§ **What is required**
Two lines below mark the span: the one containing "- The sentiment, Thinking" and the one containing "Лицевая сторона —". Set down both, plus every line between, exactly as they stand, and nothing else.

--- Data section Enclosed Below ---

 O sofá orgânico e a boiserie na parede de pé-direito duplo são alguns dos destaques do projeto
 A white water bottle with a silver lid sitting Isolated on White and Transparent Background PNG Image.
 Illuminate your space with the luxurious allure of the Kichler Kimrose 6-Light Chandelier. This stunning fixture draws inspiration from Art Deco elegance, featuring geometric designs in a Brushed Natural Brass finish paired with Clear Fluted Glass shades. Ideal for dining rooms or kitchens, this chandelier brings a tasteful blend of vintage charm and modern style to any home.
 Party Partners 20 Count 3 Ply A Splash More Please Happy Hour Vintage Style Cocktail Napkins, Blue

--- End of Enclosed Data section ---
--- Data section Enclosed Below ---

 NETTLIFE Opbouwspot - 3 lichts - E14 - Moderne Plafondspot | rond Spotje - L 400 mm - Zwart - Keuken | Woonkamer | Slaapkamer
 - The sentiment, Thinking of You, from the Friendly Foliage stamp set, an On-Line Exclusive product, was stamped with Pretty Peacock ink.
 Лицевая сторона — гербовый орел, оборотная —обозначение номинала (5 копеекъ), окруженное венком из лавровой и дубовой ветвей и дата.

--- End of Enclosed Data section ---

§ **Task result**
 - The sentiment, Thinking of You, from the Friendly Foliage stamp set, an On-Line Exclusive product, was stamped with Pretty Peacock ink.
 Лицевая сторона — гербовый орел, оборотная —обозначение номинала (5 копеекъ), окруженное венком из лавровой и дубовой ветвей и дата.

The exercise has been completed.